SOUNDa[,b[,c[,d[,e]]]]
SOUND takes between one and five parameters, adding SOUNDMODE setting, direct use of the old speech synthesis API, plus Sound System selection (SoundChannels).
=STEREO(chan%)
Returns the stereo position.
=LINE
Returns the current fractional line number – which GOTO and GOSUB support. This allows GOTO, for example, to jump into the middle of a line... as if it wasn’t mad enough already.
=READ[$]
The functional version of READ. e.g. PRINT READ$
=RESTORE
Returns the current DATA pointer as a fractional line number, which RESTORE n supports.
=COLOUR(r,g,b)
As Brandy, constructs a colour (palette) word from three parameters, with clamping.
GCOL[a,]colour;
With a semicolon the colour is interpreted as a 24bit colour (palette) word.

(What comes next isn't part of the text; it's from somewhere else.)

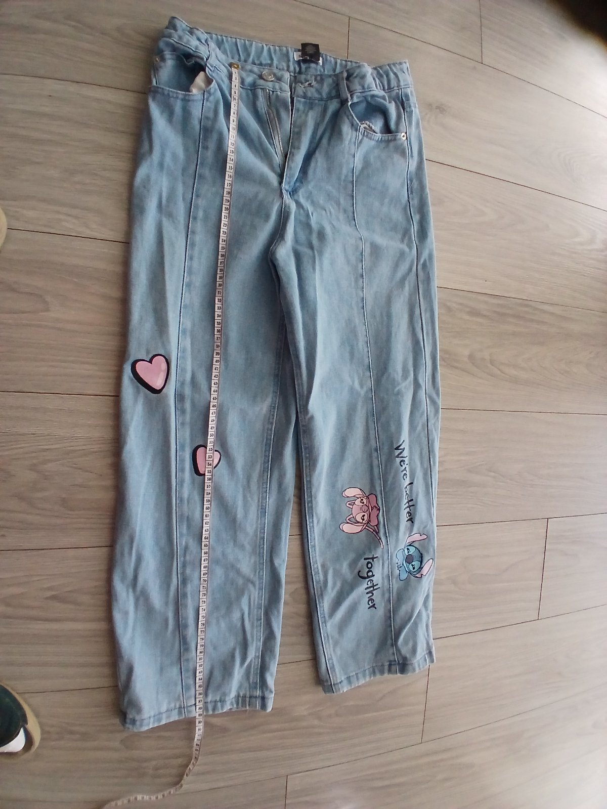 Krásne mäkké rifle širokého strihu.Dcére sa veľmi páčia, ale sú jej kráteke, je vysoká.Nenosené.Povedala by som, že sedia skôr na 158 veľkosť.

LOCAL ERR/ERL/REPORT/TRACE/RND/COUNT/WIDTH
Many more things can be temporarily protected from change. Note that the LOCAL fix above extends to these values too.
=STRING$(address,reason[,length])
For reading many kinds of string direct from memory:
BPUT(addr%,type,value) and =BGET(addr%,type)
Serialisation primitives allow data to be read and written to memory in many formats, including null-terminated string, ctrl-terminated, Pascal string, reverse Pascal string, 40bit float, 16bit float, IEEE single, double and extended, bfloat16, uint8, sint8, uint16, sint16, uint16BE, sint16BE, uint24, sint24, uint24BE, sint24BE, int32, int32BE. addr% is incremented appropriately, so must be a simple variable.
BPUT(#handle%,type,value) and =BGET(#handle%,type)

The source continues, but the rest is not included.